<< -- 2 -- Robert Hugill VIVIDLY DRAMATIC
These relationships acted as a counterpoint to Monteverdi's opera, rather than a dramatisation of it. Perhaps some people might find this stimulating, but I found it merely confusing. But once the dramatic narrative starts, with the eruption of La Messagiera into the celebrations, then Conway's production was more closely aligned to Monteverdi's opera, and I began to appreciate the performance he extracted from his cast. I found their extra-narrative relationships faded more into the background.
That said, the programme book gave Conway's version of the synopsis rather than Monteverdi's and Striggio's. And the cast list included Conway's version of the roles that the singers were playing (Huw Rhys-Evans was listed as playing Apollo and Leader, Hal Cazalet as Orfeo and Outsider).
The hard-working cast was the great strength of this production. Hal Cazalet sang Orfeo and the remaining eight singers doubled (and trebled) as members of the ensemble and solos. Katherine Manley was a pure voiced La Musica and a touching Euridice. Joana Thome was a dramatically moving La Messagiera and a noble Proserpina, though Thome's rich voice is not ideal in this music. David Stout was a strong Pluto and Martin Robson a responsive Charon.

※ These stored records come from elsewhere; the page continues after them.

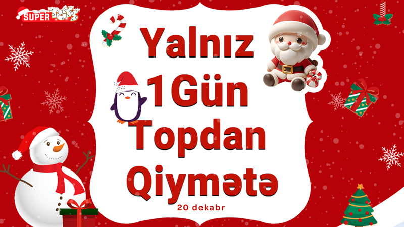 "Supertoys” mağazalarında 20 dekabr tarixində bütün Yeni il məhsulları topdan qiymətə satılacaq.Kampaniyada müxtəlif yolkalar, Şaxta baba çeşidləri, yolka oyuncaqları, yeni il süfrələri, yolka aksesuarları, müasir dövrün trendi olan şelkunçiklər, kreativ yeni il şamları, dekor işıqlar, hədiyyə qutuları, müxtəlif ölçüdə suvinerləri əldə etmək mümkündür.
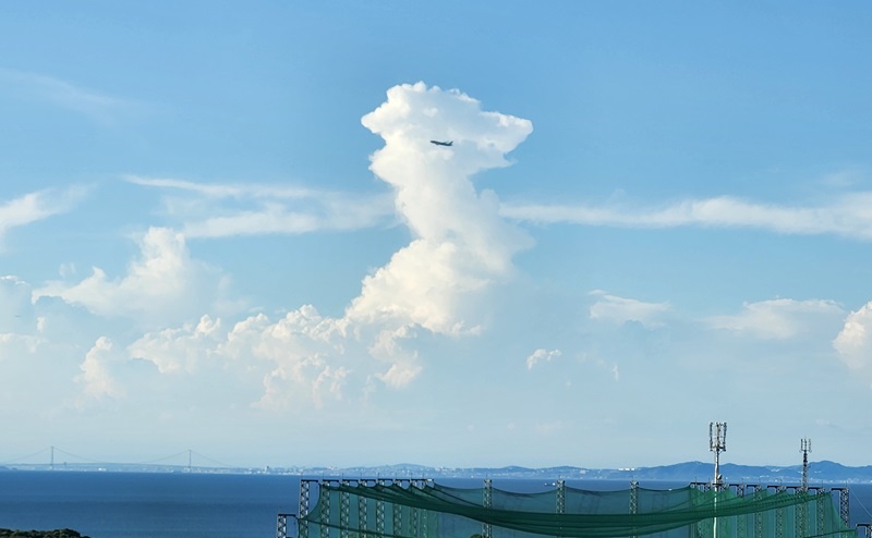須磨上空の怪獣雲と関空から飛び立った飛行機が重なりました
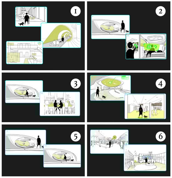 Group B provided a visual representation of how the site might offer the services in a storyboard (see Figure 7). First, the target station is found under the guidance of Augmented Reality (AR) navigation through the prescribed security check channel in the station. Secondly, the station system then prompts the user to board the bus in a timely manner, and the user engages in video call communication with the consumer while on the bus. Thirdly, upon prompting by the station system, the user exits the bus promptly and then locates the customer’s location in order to negotiate. Fourthly, users can interact with the interactive devices on the platform within the station’s viewing area and use the voice assistant to comprehend the specific content of the interactive video. Furthermore, rapid lanes offer charging services. Next, users communicate with the system in real-time through the BCI. Moreover, the station provides pet storage services to meet the various needs of different users.
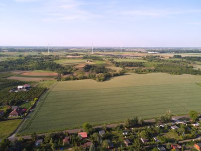 El municipio se extiende por 76 kilómetros cuadrados de terreno variado, con tierras agrícolas y bosques mixtos junto al río Vístula.
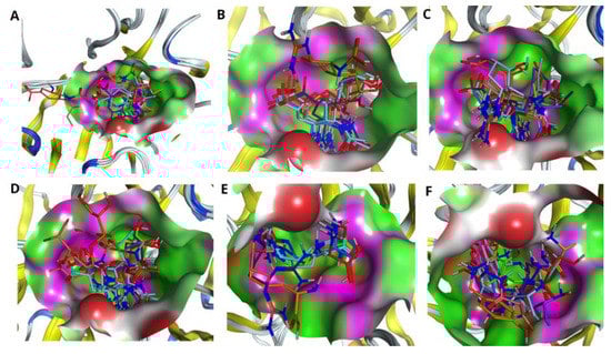 It is effective to look at the impact of mutations in the H7N9 NA catalytic site, as it leads to conformational changes of the binding pocket as well as various poses of drugs inside the cavity. Figure 2 demonstrates the superposition between Oseltamivirs (A), Zanamivirs (B), Peramivirs (C), Laninamivirs (D), L-Arginines (E) and Benserazide hydrochlorides (F) taken from docking of the drugs with respect to the pocket of wild type (used here as a reference) as well as mutated N9 NAs. It is worth noting that the most affected by R to K mutation inside the active site are the drugs Oseltamivir, L-Arginine and Benserazide hydrochloride. The calculated values of RMSDs for such drugs show a huge shift with respect to the structure bound to the wild type N9 (please refer to Table 6). Mutation of the pocket residues had less of an impact on Zanamivir, Peramivir and Laninamivir. As Table 6 shows, single mutations (R294K, R119K and R372K) do not affect significantly the binding poses of the drugs; the values of RMSD lie within 1.5 Å for the drugs Zanamivir and Laninamivir and are less than 1 Å for the drug Peramivir. The drastic conformational changes as well as shift of the binding pose in all drugs causes the double R294_119K mutation inside the binding pocket of N9 (see Figure 2A–F, all drugs are highlighted in orange, and Table 6). In this case the most affected drug is Zanamivir with an RMSD value of 7.3 Å; the least affected is the drug Peramivir with an RMSD value of 4.6 Å. Triple R294_119_372K mutation also caused significant displacement of the binding poses in all considered drugs, except Zanamivir (see Figure 2A–F, all drugs are highlighted in salmon, and Table 6). In this case, the most affected by such mutations is the drug Oseltamivir with an RMSD value of 10.8 Å and the least affected is Zanamivir with an RMSD value of 0.7 Å.
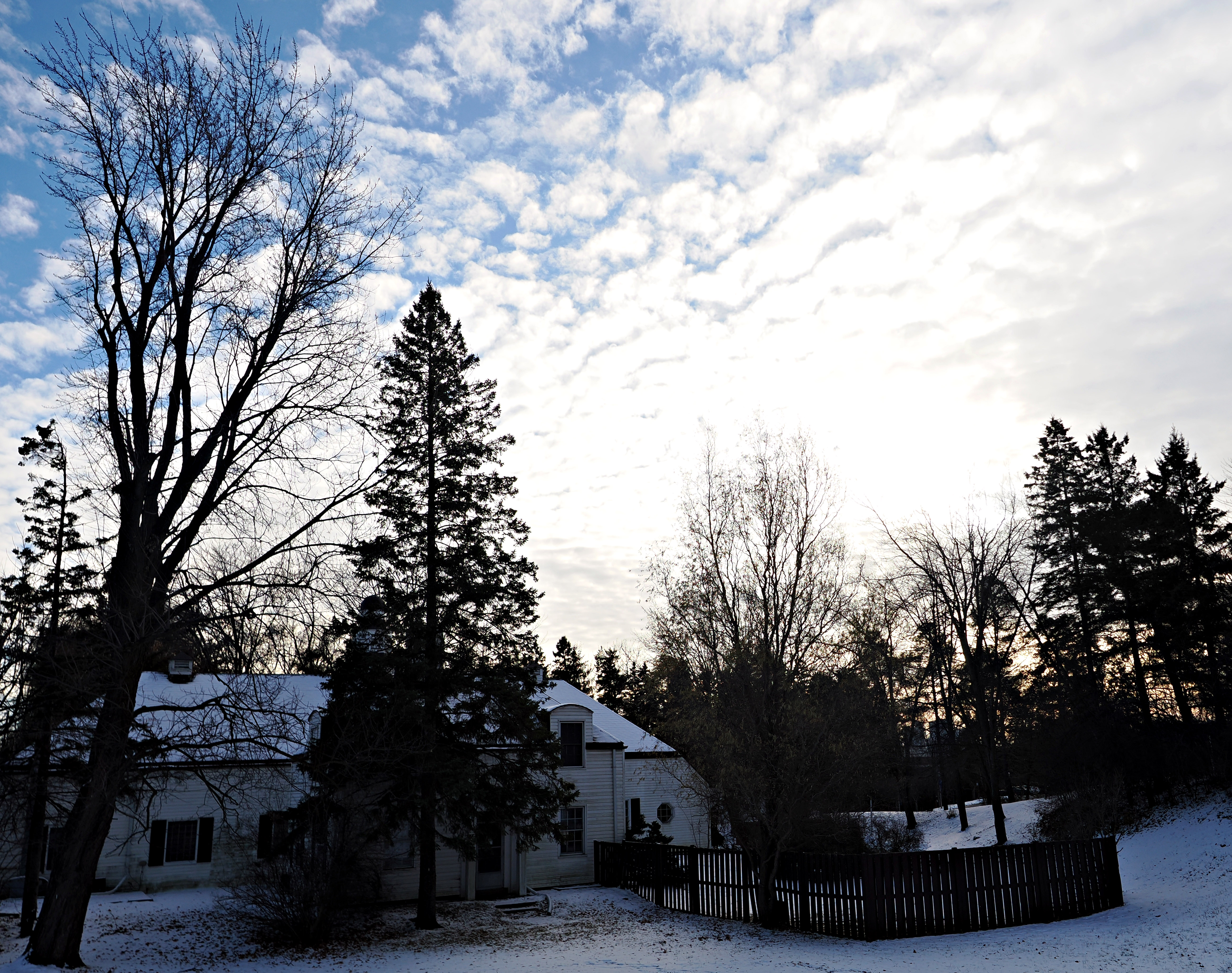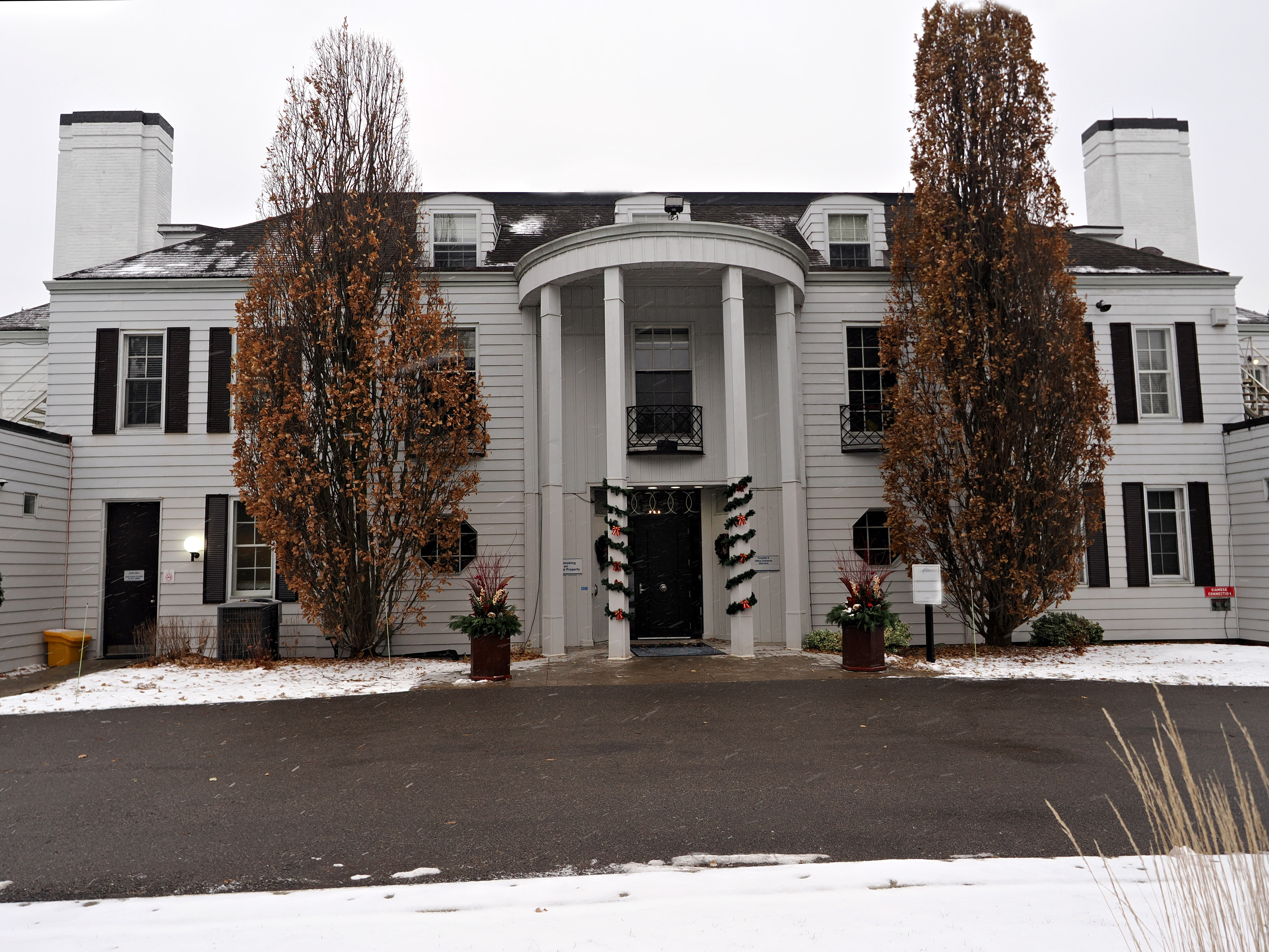 We got a first sign of snow recently. Former estate of a local newspaper magnate from 1930's, small hospital specializing in hernia operations at present..
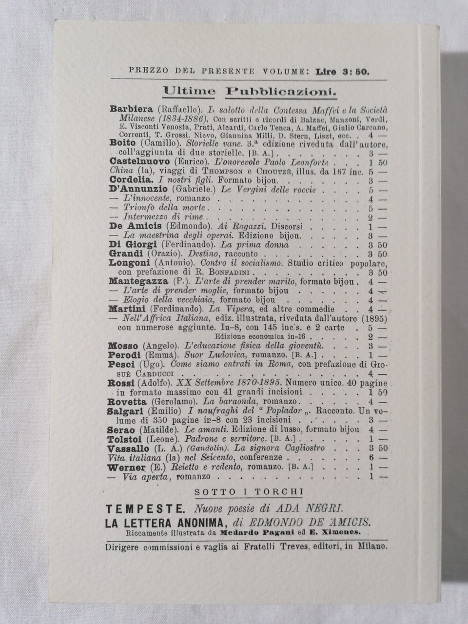 Editore: Fratelli Treves Edizione: Anastatica del 1896 Anno: 2008 N. volumi: 1 N. pagine: VIII+353+(3) Formato: 12,5x19 cm ca. Lingua: Italiano Copertina: brossura editoriale Condizioni: come nuovo Peso: 235g 1D-5-1
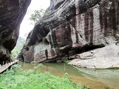 特殊地貌形成兩邊懸崖對峙,這條小澗叫桃花澗,從景區(qū)深處流出,我們的游路也將沿著高山峽谷的縫隙向內(nèi)延伸。桃源洞本沒有“洞”,無論是步行,還是泛舟游覽,都給人一種洞口的感覺右壁的懸崖高達(dá)120米,“桃源洞口”四個(gè)大字刻在36米高處,是明萬歷年間,辭官回永安的名士陳源湛于1605年所題,每字兩米見方。
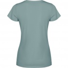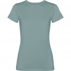 Women's short-sleeved T-shirt in 100% combed cotton Single Jersey acid wash, featuring a round 1x1 neckline and side seams, with seams in the same colour as the fabric.
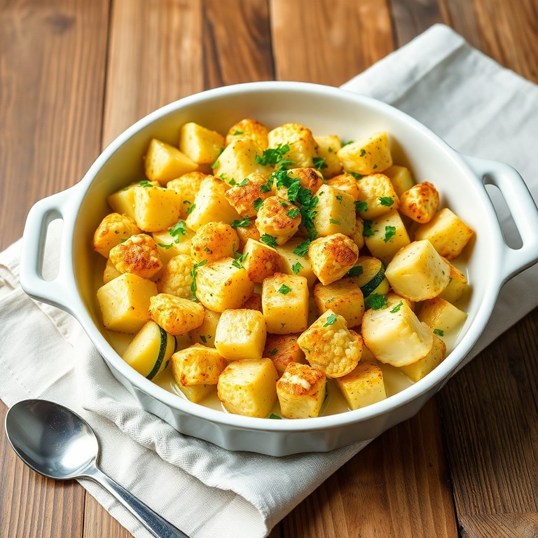 Een eenvoudige en gezonde ovenschotel met geroosterde bloemkool, courgette en aardappelen, afgewerkt met een romige crème fraîche saus. Perfect als voedzame maaltijd voor het hele gezin.
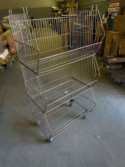 LOT 8292jl - 3 Tier Stackable Wire Bins With Casters
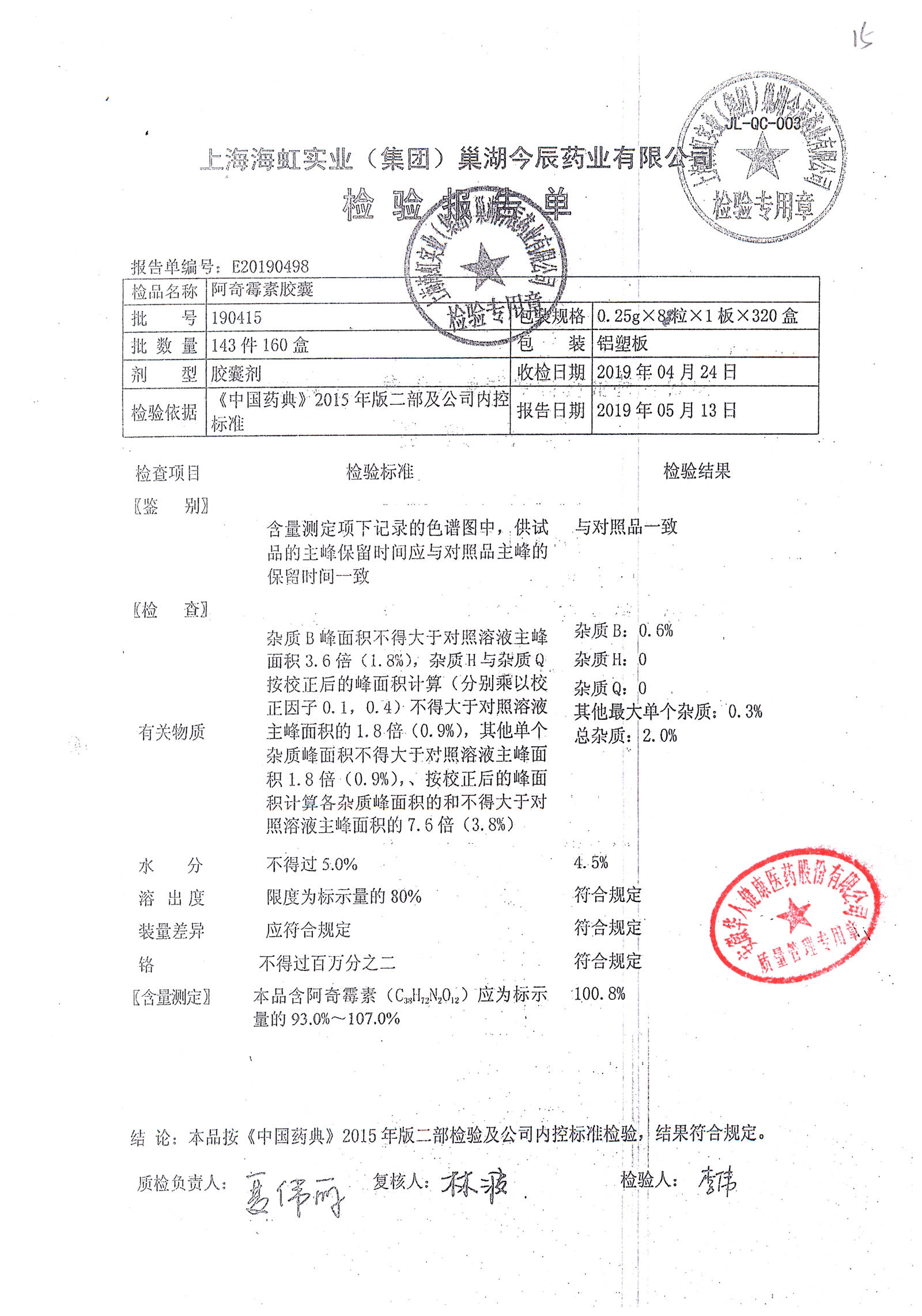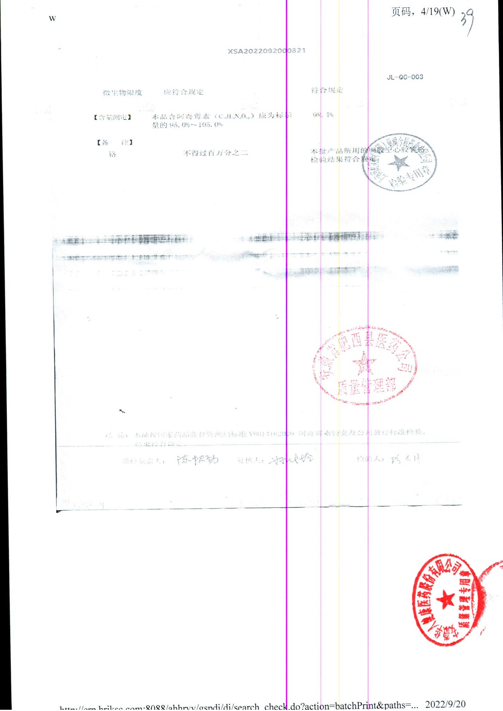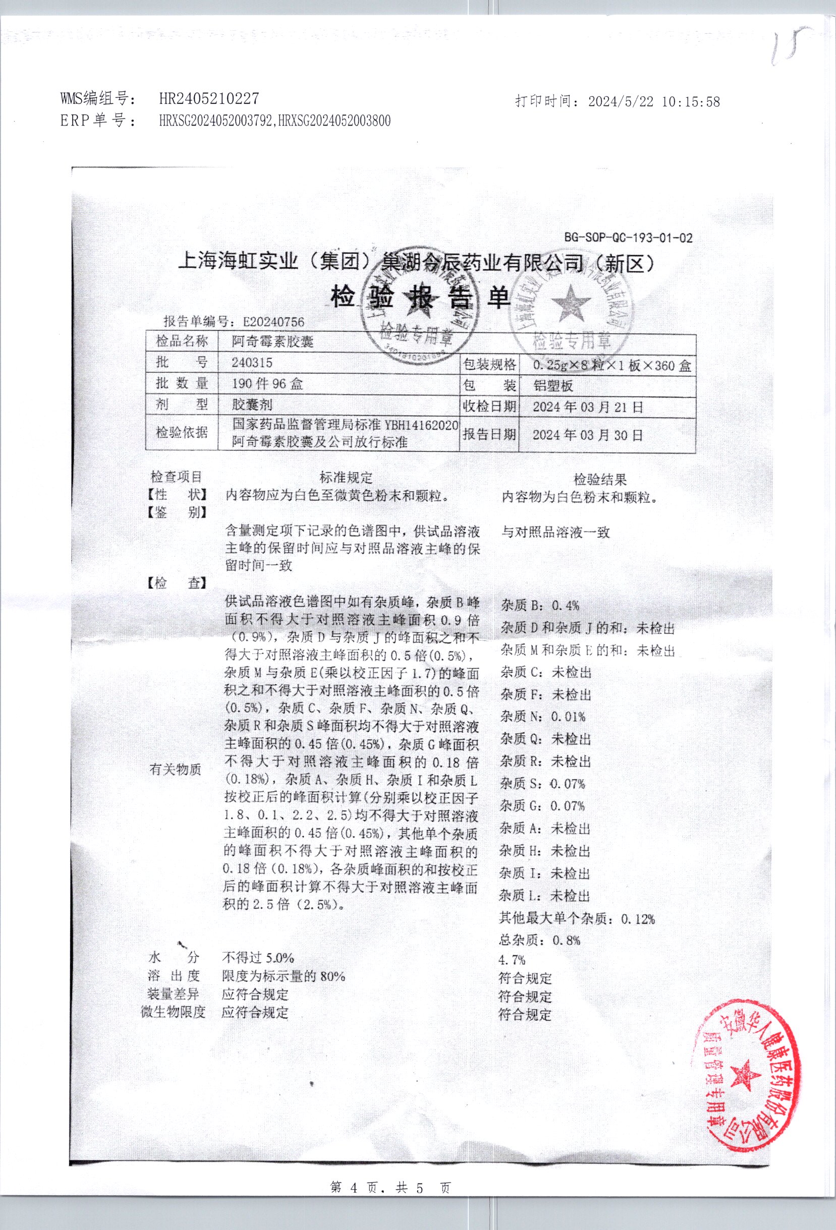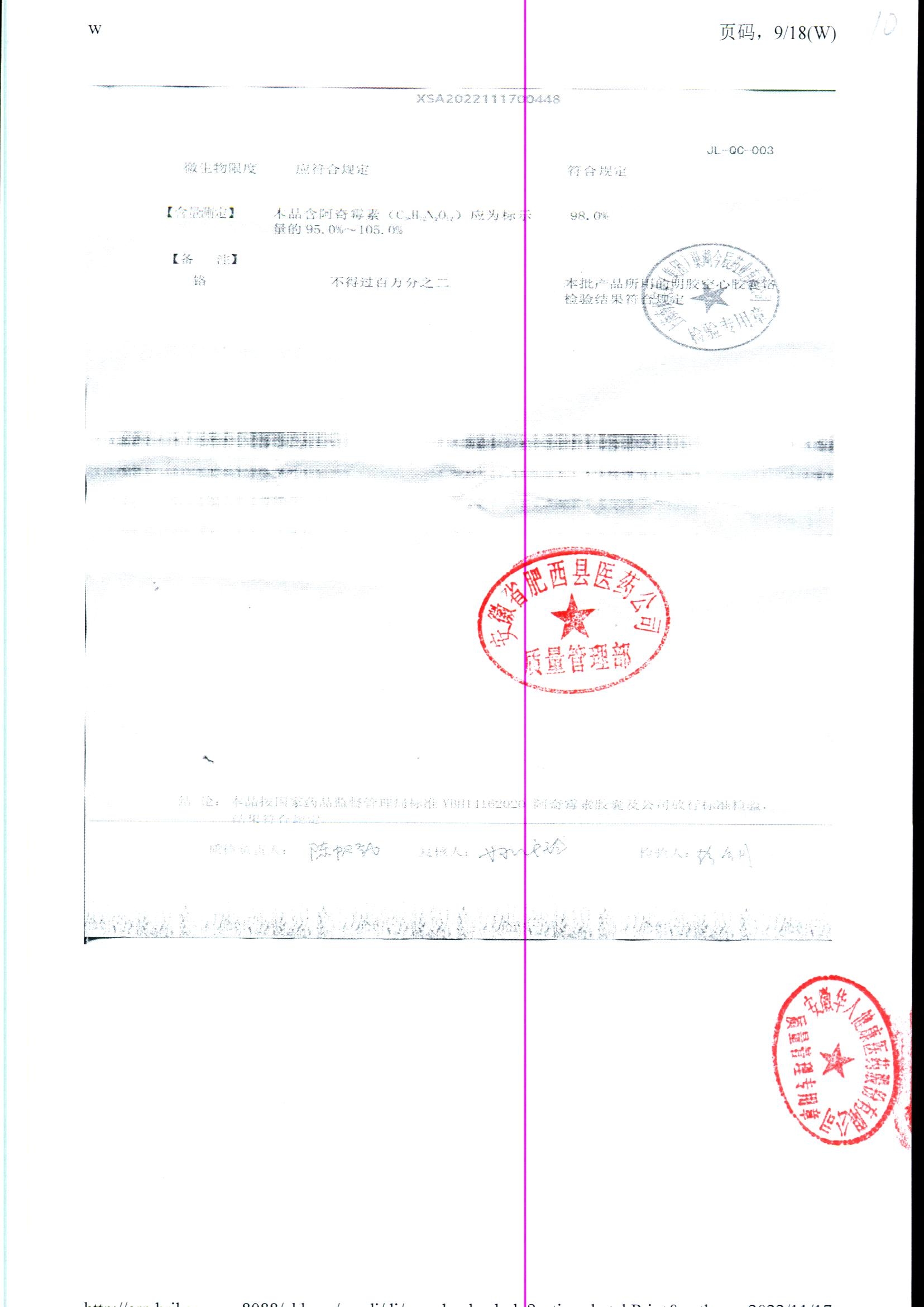 阿奇霉素膠囊 | 0.25g*8s | 210303(1/2) | 查看詳情 |

Joana Thome (Messenger) and Katherine Manley (Euridice) in English Touring Opera's production of Monteverdi's 'Orfeo'. Photo © 2006 Keith Pattison
Huw Rhys-Evans as Apollo highlighted one problem with the musical element of this production. Monteverdi's vocal lines can be a lot trickier than Carissimi's or Purcell's, and not everyone was ideally clean in their delivery. But keeping the numbers down to just nine kept things dramatically vivid and vibrant, whatever the musical losses. It helped that the singers' diction was superb. The opera was sung in Ann Ridler's accessible and poetic translation, so the audience had a secure grip on the drama.